* Problem to work on: Look below for the line containing "Este documento contiene" and the line containing "Click on the", then set down both and every line between them exactly, without pictures.

* Input material:
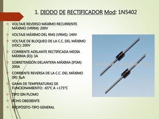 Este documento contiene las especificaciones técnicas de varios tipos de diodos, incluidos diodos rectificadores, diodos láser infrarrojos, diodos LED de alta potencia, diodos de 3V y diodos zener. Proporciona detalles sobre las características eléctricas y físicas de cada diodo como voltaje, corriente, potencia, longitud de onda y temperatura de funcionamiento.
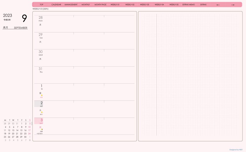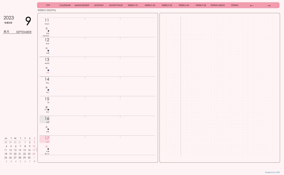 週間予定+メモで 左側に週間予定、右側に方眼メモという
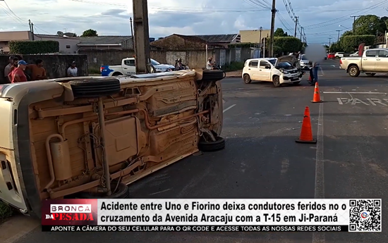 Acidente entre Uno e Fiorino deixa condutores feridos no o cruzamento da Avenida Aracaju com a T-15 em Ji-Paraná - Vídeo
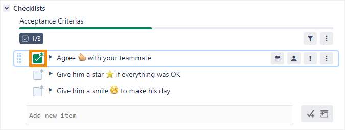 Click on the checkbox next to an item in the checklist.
==
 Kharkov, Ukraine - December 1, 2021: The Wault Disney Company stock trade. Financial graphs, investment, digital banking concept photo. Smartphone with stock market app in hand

* Solution to the exercise:
 Este documento contiene las especificaciones técnicas de varios tipos de diodos, incluidos diodos rectificadores, diodos láser infrarrojos, diodos LED de alta potencia, diodos de 3V y diodos zener. Proporciona detalles sobre las características eléctricas y físicas de cada diodo como voltaje, corriente, potencia, longitud de onda y temperatura de funcionamiento.
 週間予定+メモで 左側に週間予定、右側に方眼メモという
 Acidente entre Uno e Fiorino deixa condutores feridos no o cruzamento da Avenida Aracaju com a T-15 em Ji-Paraná - Vídeo
 Click on the checkbox next to an item in the checklist.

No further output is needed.